Number Theory or Algebra?

Prove that if $4^m-2^m+1$ is a prime number, then all the prime divisors of $m$ are smaller than $5$

I initially thought about putting $4^m-2^m+1=p$ where $p$ is some prime and after eliminating initial cases of $p<5$ , setting $p=6k \pm 1$. However, since I'm just a beginner in Number Theory, I couldn't figure out anything else. What is more surprising that my teacher gave this problem in an Algebra worksheet, so perhaps there is some good algebraic way to do this.

So, thinking on Algebraic lines, I made a substitution $2^m=x$ and did some manipulations to the quadratic thus made. However, still no luck (despite the fact that I'm pretty confident about my Algebraic skills) I look forward for some help with this one. Any (or both) method will do. Thanks in advance!

Solution 1:

Note that $$ 4^m-2^m+1=\frac{8^m+1}{2^m+1} $$ so that when $m=pq$ is composite, there will be additional factors $4^p-2^p+1$ and $4^q-2^q+1$ to consider.

Solution 2:

I believe that this problem can most easily be addressed in the Eisenstein integers $R = \mathbb{Z}[\omega]$, where $\omega = e^{\frac{2 \pi i}{3}},$ although there may be more elementary approaches. It is well known that this is a principal ideal domain. I claim that $2^{2m}- 2^{m}+1$ can only be prime (in $\mathbb{Z}$) when $m$ has no prime factor greater than $3,$ as the problem asks. For If not write $m = hn$ where $h >1$ is relatively prime to $6,$ and $2$ and $3$ are the only prime factors of $n.$ Then $4^{m} -2^{m} + 1 = (2^{m} + \omega)(2^{m} + \omega^{2})$ in $R.$ If $h \equiv 1$ (mod $3$), notice that $\omega^{h} = \omega$, while if $h \equiv 2$ (mod $3$), notice that $\omega^{h} = \omega^{2}. $ Hence, in the ring $R,$ $2^{m}+ \omega$ is divisible either by $2^{n}+ \omega$ or by $2^{n} + \omega^{2},$ and hence is not a prime element of $R$.Thus $4^{m}-2^{m} +1$ is not a rational prime either.
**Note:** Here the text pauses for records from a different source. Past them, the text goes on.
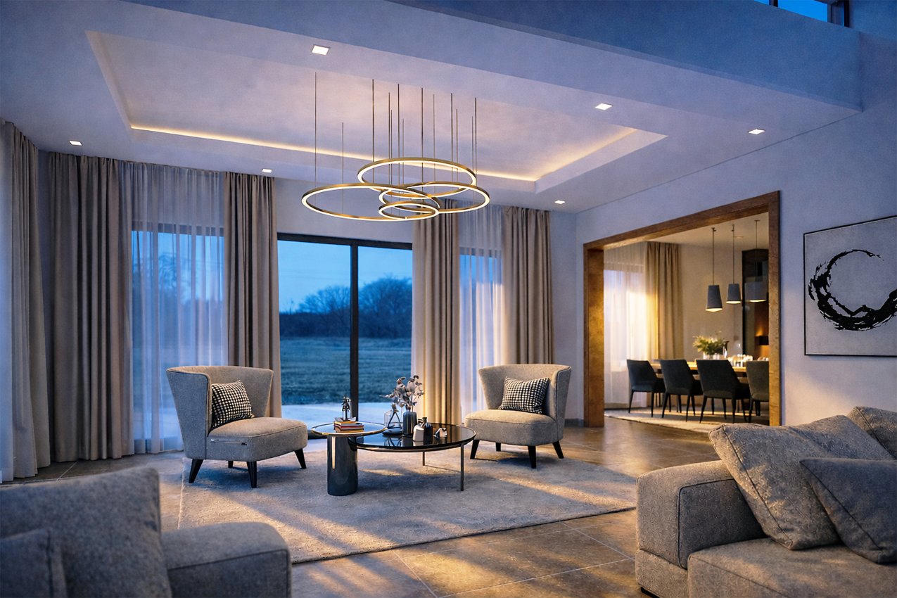 Internally, the spatial experience is defined by volume and light. Living areas benefit from higher ceilings and controlled daylight from above, creating an atmosphere that feels open yet intimate. Clean lines, restrained material palettes, and integrated detailing reinforce a sense of calm continuity throughout the home.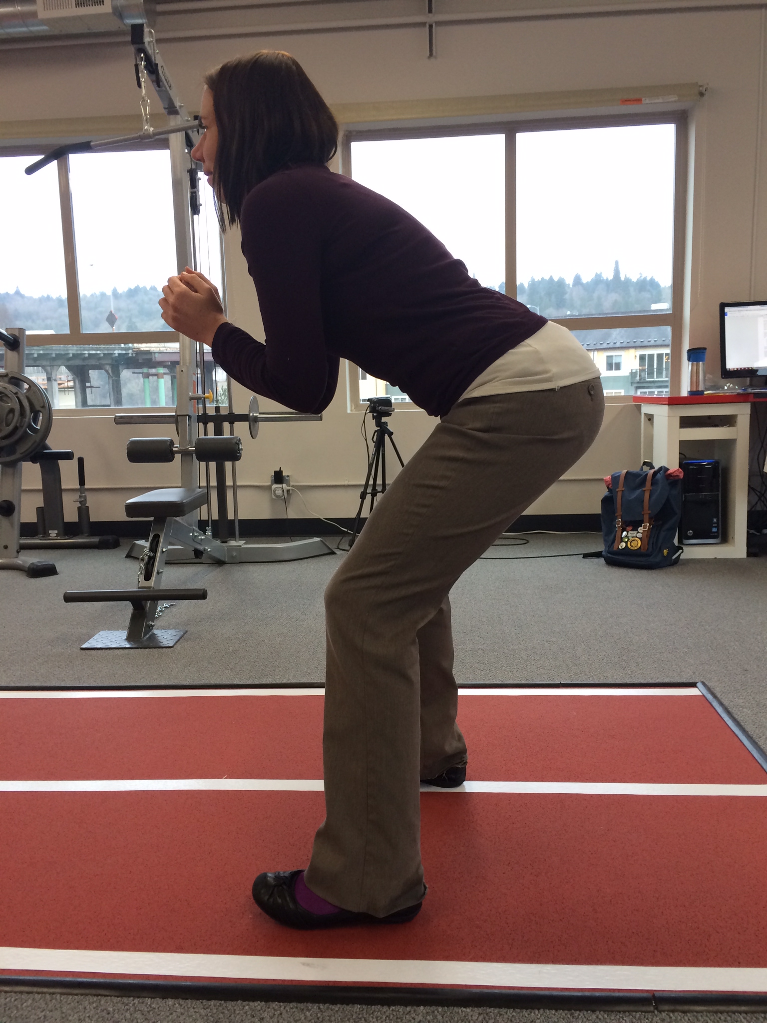 Squats: Squat down as though sitting in a chair behind you. Do not let knees collapse inward, or let knees bend too far in front of you. In the lowest position, knees should be directly over toes.
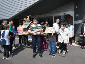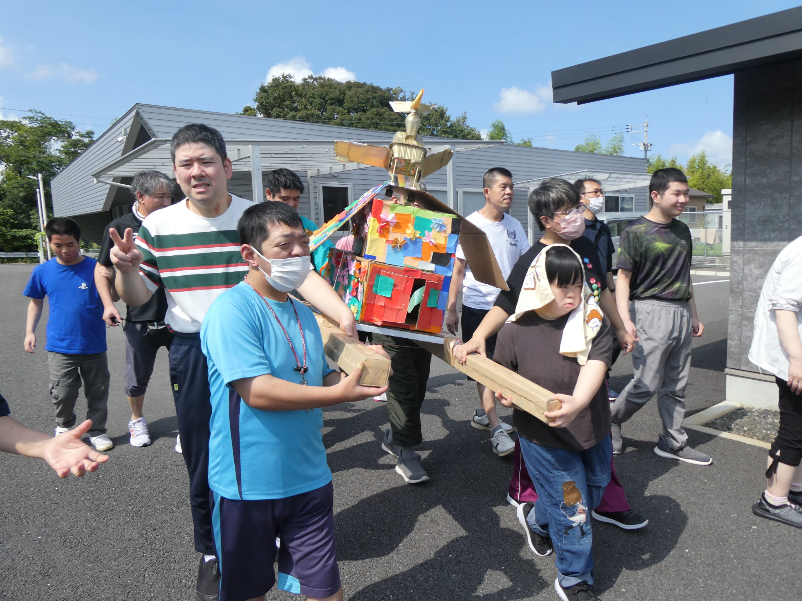 利用者の皆さんと一緒に作った手作り神輿を担ぎながら、「ワッショイ。ワッショイ。」のかけ声で元気よく歩きました。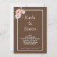 Introducing our gorgeous watercolor wedding invitation in a warm brown colour with a delicate white border. This invitation is perfect for those looking for a minimalist yet elegant floral design. The top left corner of the invitation features a beautiful pink flower surrounded by two white flowers and a few sprigs of greenery.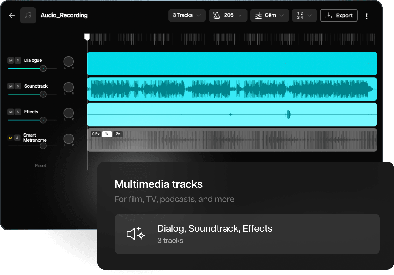 Designed to separate audio into Dialogue, Soundtrack, and Effects with unmatched precision, the Multimedia Tracks separation model is perfect for film, TV, podcasts, and more. Save valuable editing time and enhance the overall quality of your projects.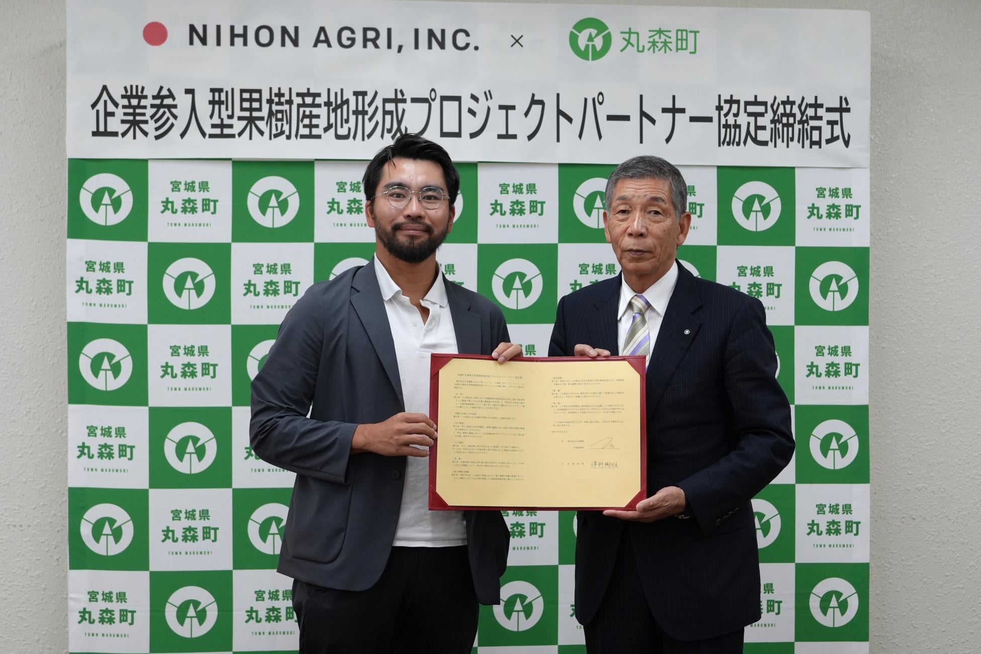 日本の農産物の生産から販売まで一気通貫で展開し、新たな産業構造を創出する株式会社日本農業(本社:東京都品川区、代表取締役CEO:内藤祥平、以下「日本農業」)は、“儲かる農業”に構造転換する「ニチノウ共創プロジェクト」の第2弾として、2025年6月2日に宮城県丸森町(町長:保科郷雄、以下「丸森町」)と丸森町企業参入型果樹産地形成プロジェクトパートナー協定を締結しました。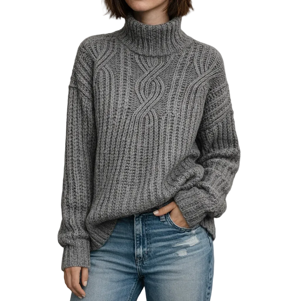 Women’s Chunky Cable Knit Turtleneck Sweater Grey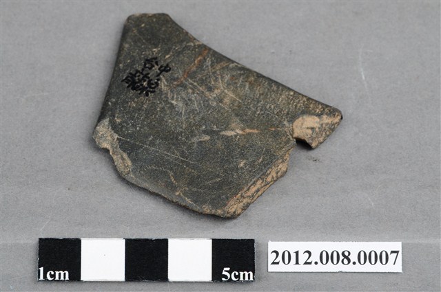 1. 本件為劉鵠雄先生採集於1995年採集,採集地點為臺中龍泉村遺址。本件為馬鞍型磨製石刀,黑色板岩材質,全件通體粗磨呈扁平長方狀,器身上方平直,左右兩端上方向上翹起,宛如馬鞍故名,中央帶一穿孔,下方刃部加工細磨成中鋒刃。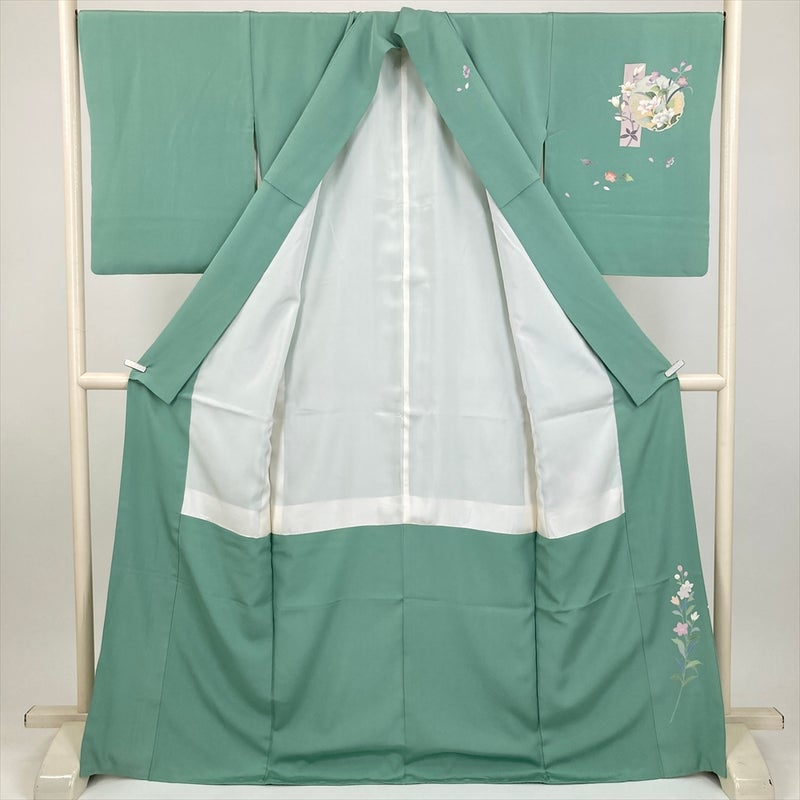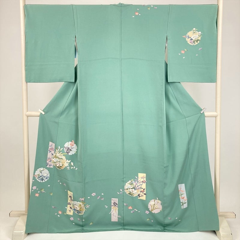 (中古) 訪問着 緑 セミフォーマル 短冊文 雪輪文 袷 絹 【身丈】164cm【裄丈】71cm
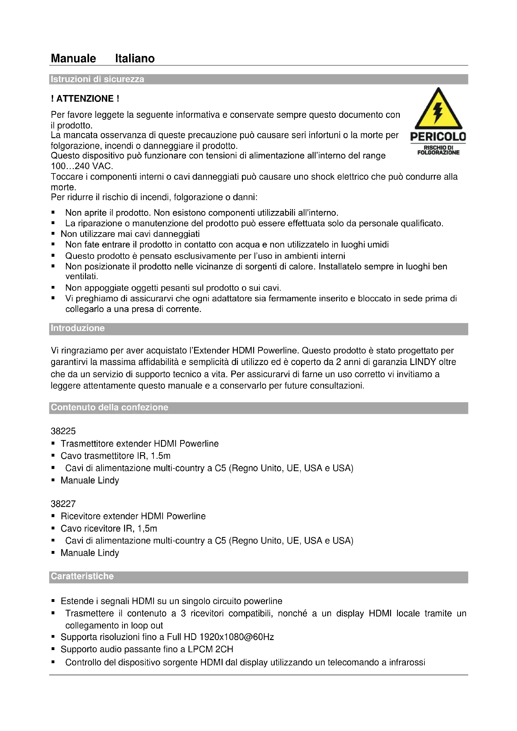 - Vi preghiamo di assicurarvi che ogni adattatore sia fermamente inserito e bloccato in sede prima di collegarlo a una presa di corrente. Introduzione Vi ringraziamo per aver acquistato l’Extender HDMI Powerline. Questo prodotto è stato progettato per garantirvi la massima affidabilità e semplicità di utilizzo ed è coperto da 2 anni di garanzia LINDY oltre che da un servizio di supporto tecnico a vita. Per assicurarvi di farne un uso corretto vi invitiamo a leggere attentamente questo manuale e a conservarlo per future consultazioni. Contenuto della confezione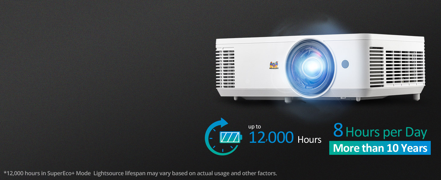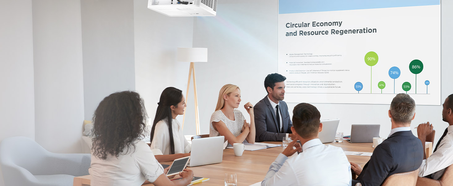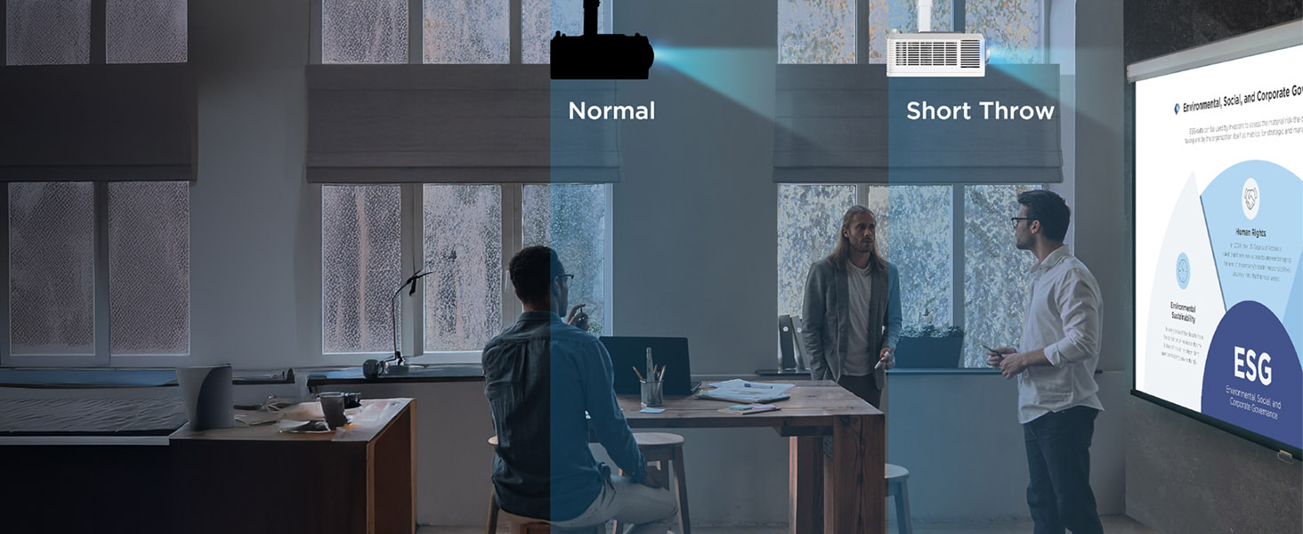Featuring 4,000 ANSI lumens of stunning brightness, this powerful business and education projector creates crystal clear images up to 300”. And with a 0.52 short throw ratio, this projector is capable of displaying shadow-free 100” images from just a few feet away.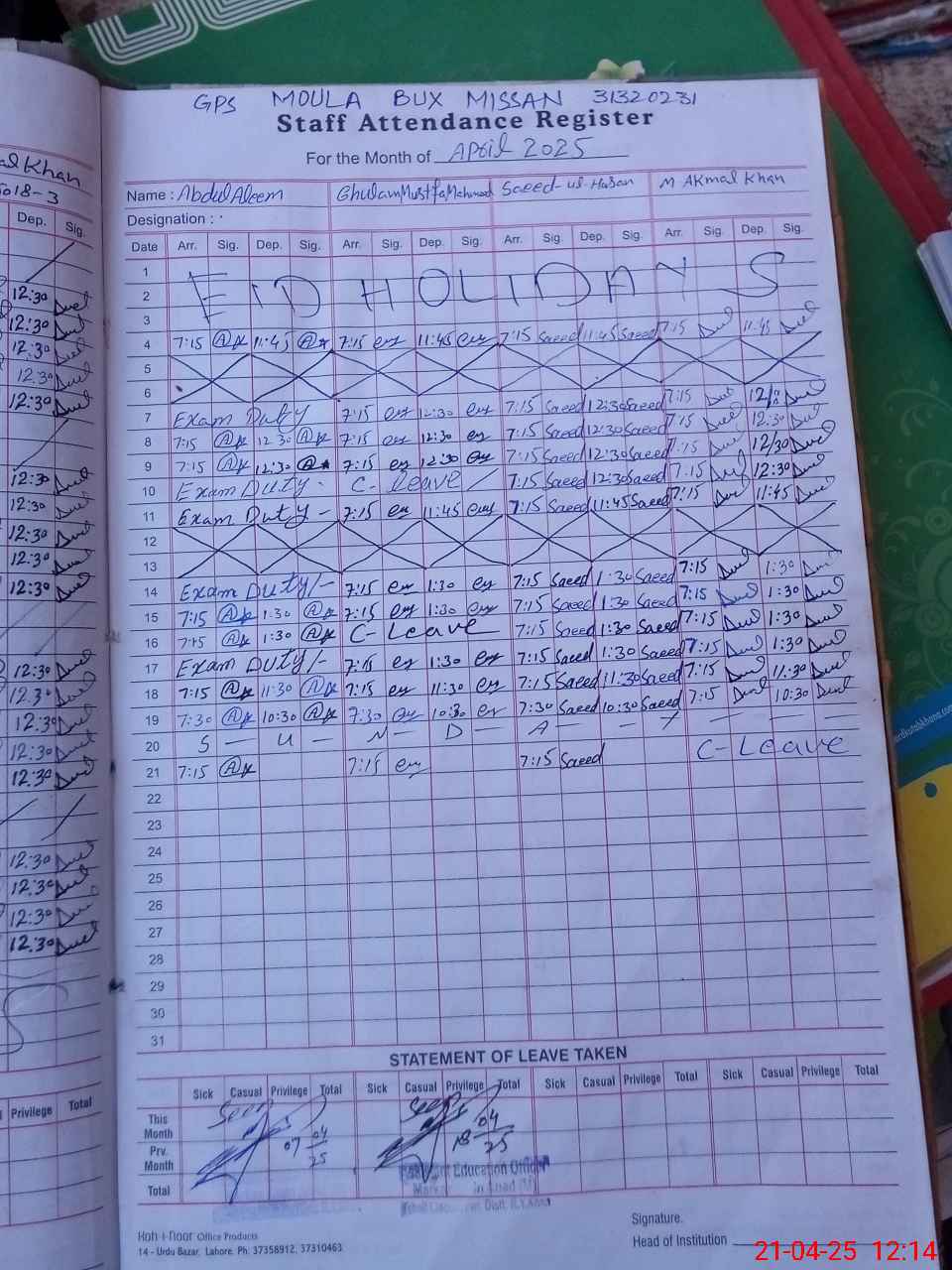 | CNIC | Full Name | Designation | R/C | Absence During Last Calender Month |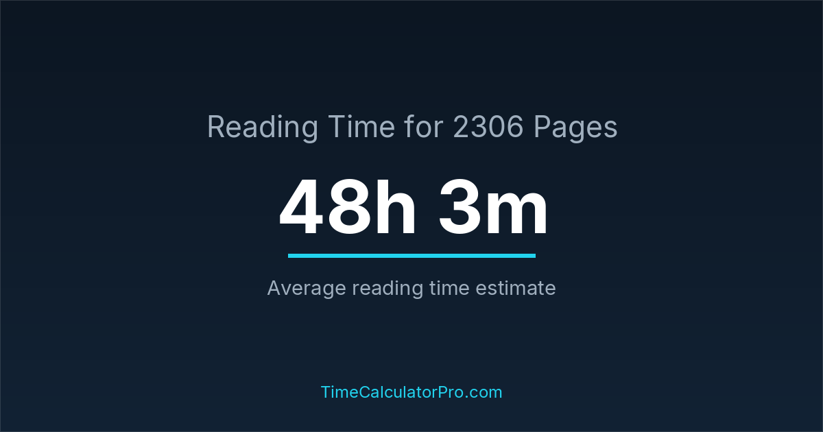 The estimated time to read 2306 pages is approximately 48 hours and 3 minutes for an average adult reader.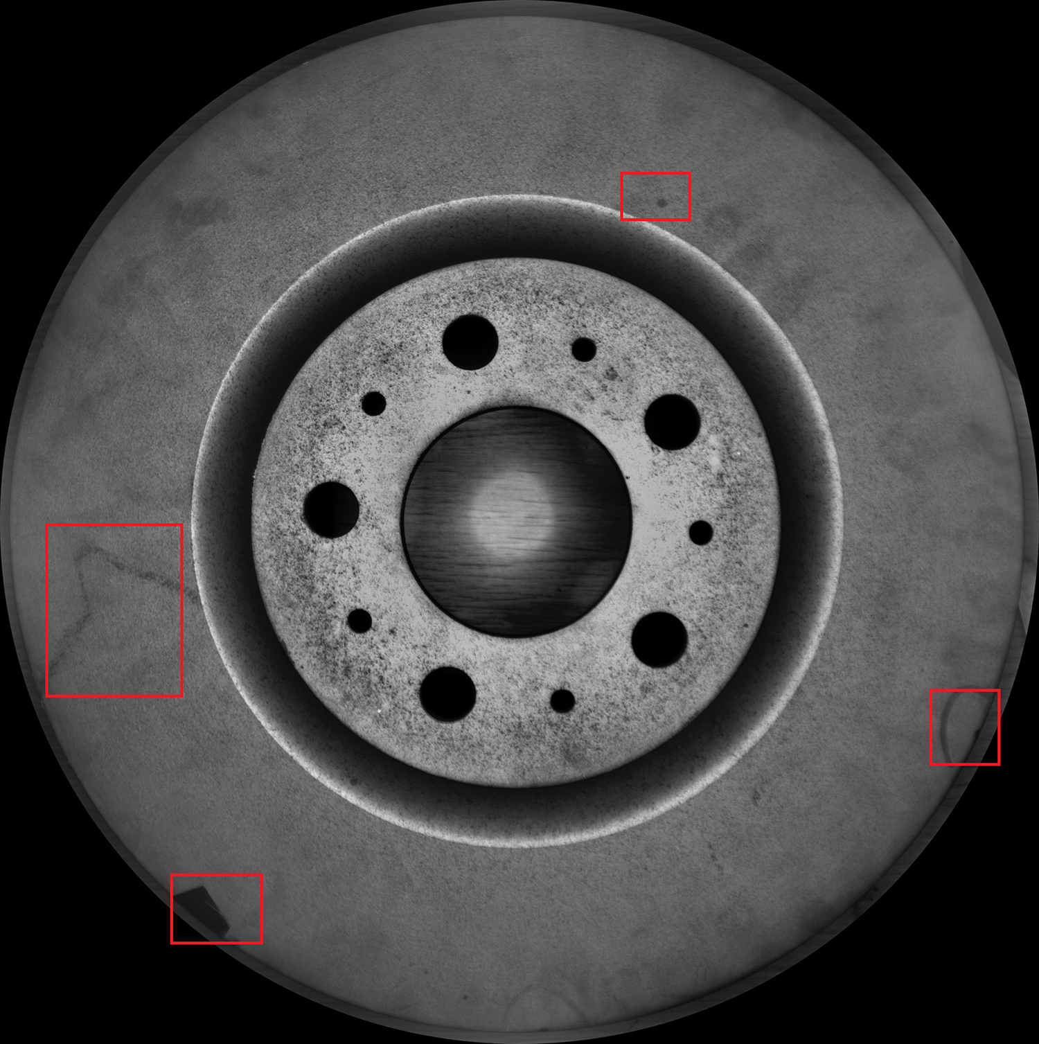 目前,剎車盤表面缺陷檢測常用的技術包括渦流檢測、磁粉探傷、紅外檢測、X 射線檢測以及機器視覺檢測等。與其他接觸式測量工具或人工目視檢測相比,機器視覺檢測憑借著無損、非接觸式特點;具有檢測數據準確度高,效率高,能顯著降低人工成本等優勢,正逐漸廣泛應用于這一行業。該技術能快速采集剎車盤表面的高分辨率圖像,并使用強大的深度學習圖像處理算法,實現對多種外觀缺陷識別、區分和關鍵尺寸的精確測量。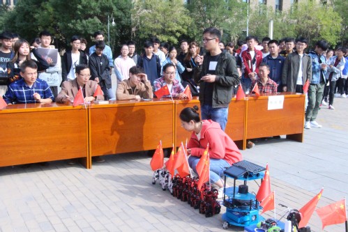 本次竞赛分为创新创意赛和工程赛两个项目,参赛同学积极踊跃,报名队伍数接近80支,参赛人员来自我校纺织学院、机械学院、电气学院、信息学院、计算机学院、理学院、管理学院等。在比赛现场,创新创意赛的同学们通过PPT、图片、视频等形式展示创新作品,评委对同学们的创新想法表示肯定和鼓励,并逐一进行点评和指导;参加工程赛的同学逐一展示实物作品,智能循迹小车、电脑鼠走迷宫等获得评委和观众的阵阵掌声,其中跳舞机器人以绚丽的舞姿为祖国庆生,比赛达到了高潮,整个比赛现场气氛热烈,同学们比赛热情高涨。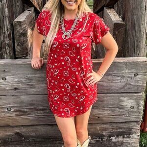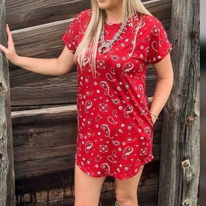 Be the ultimate 'Bandana Babe' in this cute and fun red dress. Perfect for dressing up or down, its comfy and stretchy butter soft fabric will keep you looking stylish and feeling comfortable all day long. And the best part? It even has pockets! Talk about practical (and fashionable) convenience!

For the purposes of illustration, the smallest non-trivial case is when $m = 10.$ Then we see by the above method that $2^{10}+\omega$ is divisible by $4+\omega^{2}$ in $R.$ Then we see that $(4+\omega)(4+\omega^{2}) = 13$ divides $2^{20}-2^{10}+1 = (2^{10}+\omega)(2^{10}+ \omega^{2})$ in $\mathbb{Z}.$ We can check this by verifying directly
that $2^{20} - 2^{10} + 1 \equiv 1- (3 \times 2^{8}) \equiv 1-27 \equiv 0$ (mod $13$) .